Okay, a few of my mice have been found to be greasy.. So I decided, maybe add more wheat, millet, things like that to the mix! In replacement for all that dog food I used to use. Anything on this list harmful or unhealthy to my stock?

Thistle, Rolled Red wheat, Whole Grain oats, Wheat, Rye, Barley, Triticale(?) and Flax Seed meal, De-hulled Millet, Old Fashioned Rolled oats, Black Oil Sunflower Seeds in shell, Millet in shell, grain Products, unsalted Peanuts in shell, Dog food, stale Wheat bread, (small small amounts of) Omega 3 dog treats, and an old Cheerio as a treat every 15 scoops or so, lol.

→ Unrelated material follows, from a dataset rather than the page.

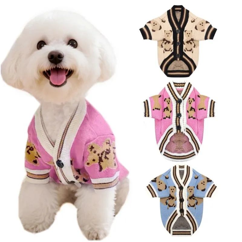 Dog Clothes Winter Chihuahua Pet Striped Dog Cardigan Sweater Bichon Pug Kitten Puppy Dog Warm Coat Cat Dog Supplies Pet Outfit
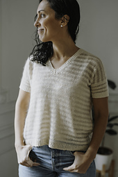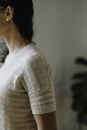 The difference with previous versions are: a V-neck shape, less positive ease, and a smaller gauge to adapt to the lovely silk yarn used in this sample.

This if all the stuff I can think of that _may_ end up being what they eat.


----------



## SarahY (Nov 6, 2008)

That all looks good to me. Just make sure that plain grains (oat, what, barley) make up at least 70% of the diet


----------



## Tikmio (Oct 9, 2011)

Yeah! Well there seems to be lots of the, whole grain oats, wheat, rye, barley, old fashioned rolled oats, and red wheat, so I guess good then!

Do any of you happen to know which of these can be used as hamster feed? I will start another thread in the 'away from mice' section somewhere


----------



## Tikmio (Oct 9, 2011)

Okay, Idk why, but I keep questioning myself on thistle... How much of the diet should thistle make up?


----------



## Laigaie (Mar 7, 2011)

Not as much as oat, barley, 
millet, wheat, triticale, etc. Those are your basic grains.


----------



## Tikmio (Oct 9, 2011)

Great. Thanks Laigaie! lemme go mix it up at the mousery!


----------



## Laigaie (Mar 7, 2011)

Looking at both of your diet-related posts, you might want to switch your hamster and mouse mixes.


----------



## Tikmio (Oct 9, 2011)

You mean swap them around?


----------